Start of Stored data

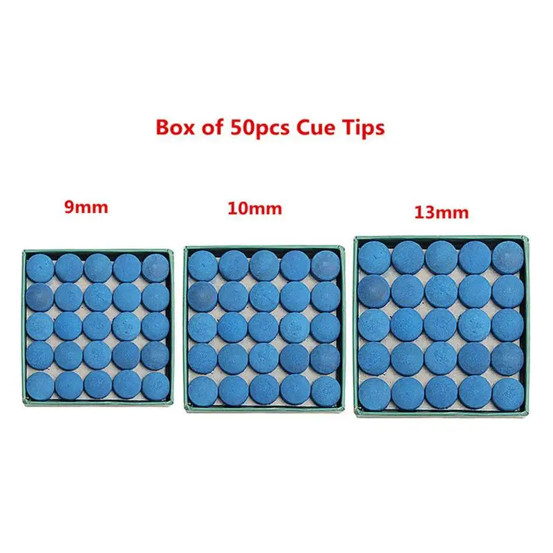 Box Of 50pcs Glue-on Pool Billiards Snooker Cue Tips 9mm 10mm 13mm
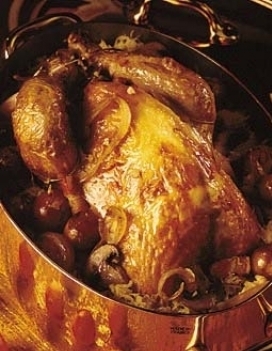 pintade aux champignons frais/haricots
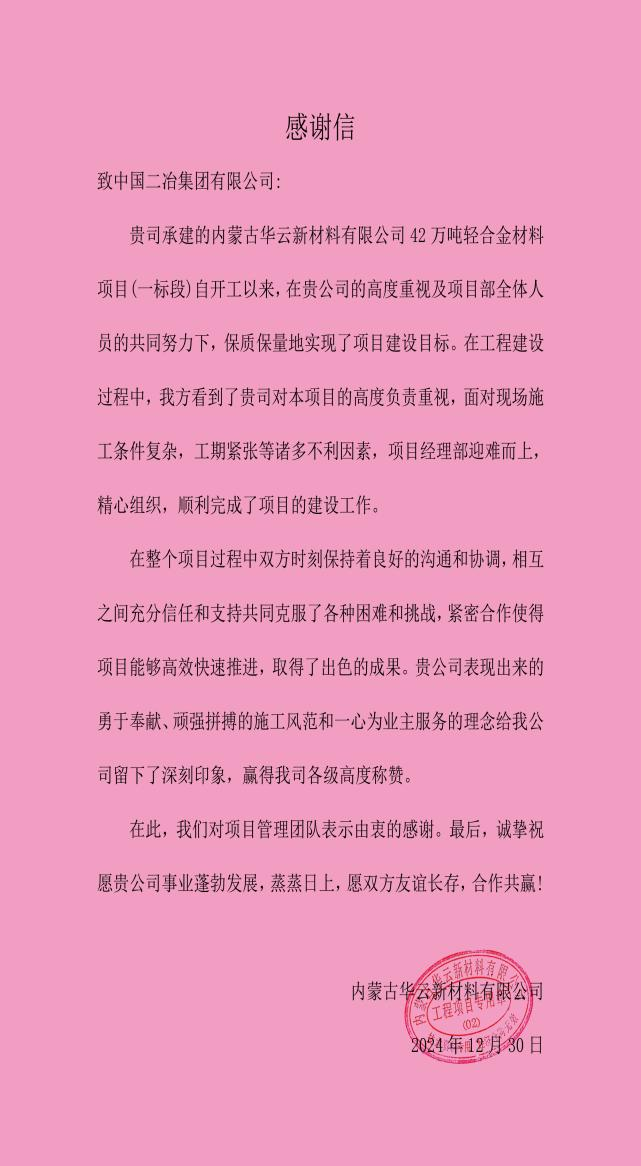 內(nèi)蒙古華云新材料有限公司在表揚信中指出,由中國二冶承建的內(nèi)蒙古華云三期42萬噸輕合金材料項目,在貴公司的高度重視及項目部全體人員的共同努力下,保質(zhì)保量地實現(xiàn)了項目建設目標,贏得相關方的高度稱贊。

End of Stored data

Omit the pictures. Repeat the rest of the data exactly.

Task output:
 Box Of 50pcs Glue-on Pool Billiards Snooker Cue Tips 9mm 10mm 13mm
 pintade aux champignons frais/haricots
 內(nèi)蒙古華云新材料有限公司在表揚信中指出,由中國二冶承建的內(nèi)蒙古華云三期42萬噸輕合金材料項目,在貴公司的高度重視及項目部全體人員的共同努力下,保質(zhì)保量地實現(xiàn)了項目建設目標,贏得相關方的高度稱贊。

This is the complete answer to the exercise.